6. Select option 2) Create new key on KMIP server to generate a new encryption key.

   NOTE

   The key is created on the KMIP server but is not activated at this stage.

   

7. After the key is created, it will appear in the Fortanix DSM under the Security Objects menu item for the corresponding app.

   

5.4 Activate the Data-Element Encryption Key from a KMIP Server

The cache supports up to four activated keys at one time for data-element encryption.

Perform the following steps to activate a key for data-element encryption from a KMIP server:

1. Start the Terminal for the relevant instance and log in as a user with sufficient privileges.

2. At the terminal prompt, switch to the %SYS namespace and run the ^EncryptionKey routine:

        zn "%SYS"
   %SYS>do ^EncryptionKey

3. In ^EncryptionKey, select option 4) Data element encryption for applications.

4. In the Data element encryption for applications choices, select option 1) Activate data element encryption key.

5. In the Activate data element encryption key choices, select option 2) Use KMIP server.

6. At the KMIP server prompt, enter the name of the configuration of the KMIP server from which you wish to activate the key. The routine lists the available keys from the KMIP server and prompts for selection.

7. At the Select key prompt, specify the desired key.

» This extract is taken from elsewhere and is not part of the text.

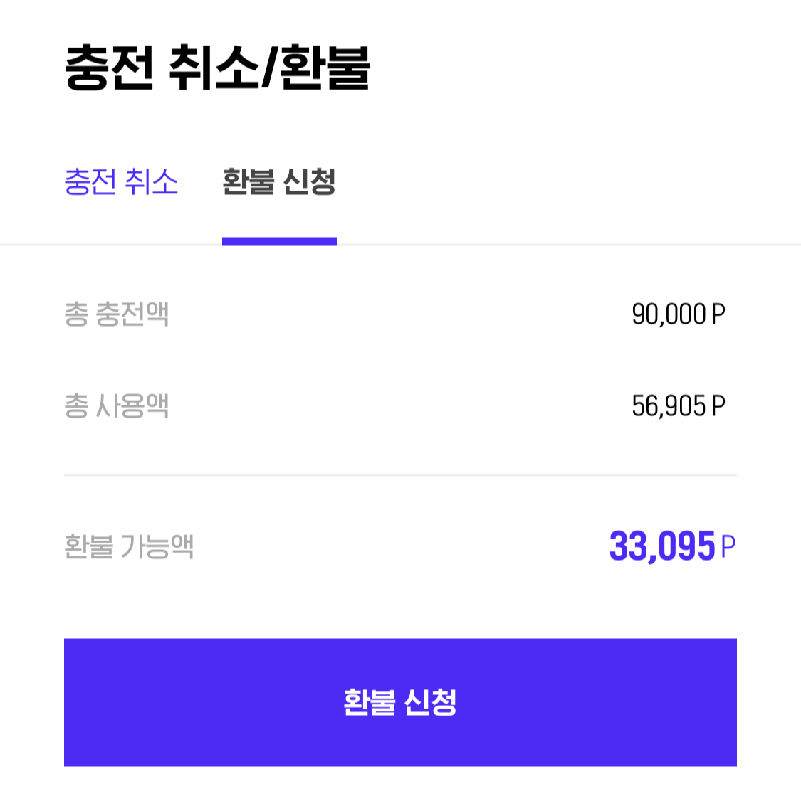 충전 포인트를 현대계열에서 사용해도 되지만 저는 환불 신청으로 추가 혜택을 노립니다. 포인트 충전 금액 60% 이상 사용하면 남은 잔액을 계좌로 환불 받을 수 있거든요! 잔액이 1만 포인트 이하라면 80% 이상 사용해야 하고요. 환불 신청은 월 3회, 매일 1일 갱신됩니다. 제휴포인트나 제휴상품권으로 충전된 포인트는 취소 및 환불 불가해요.
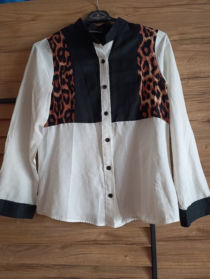 Uzun kollu, düğmeli ve yakalı bu kadın gömlek, leopar desenli koyu renkli ve beyazın birleşiminden oluşur.M beden 1 kez giyildi

8. The routine activates the selected key and displays its Key ID.

   

9. For each activated key, the Data Element Encryption page, (System Administration → Encryption → Data Element Encryption) adds the key to the table of activated keys and displays its identifier.

10. You can now log in to the IRIS Management Console and verify the activated key.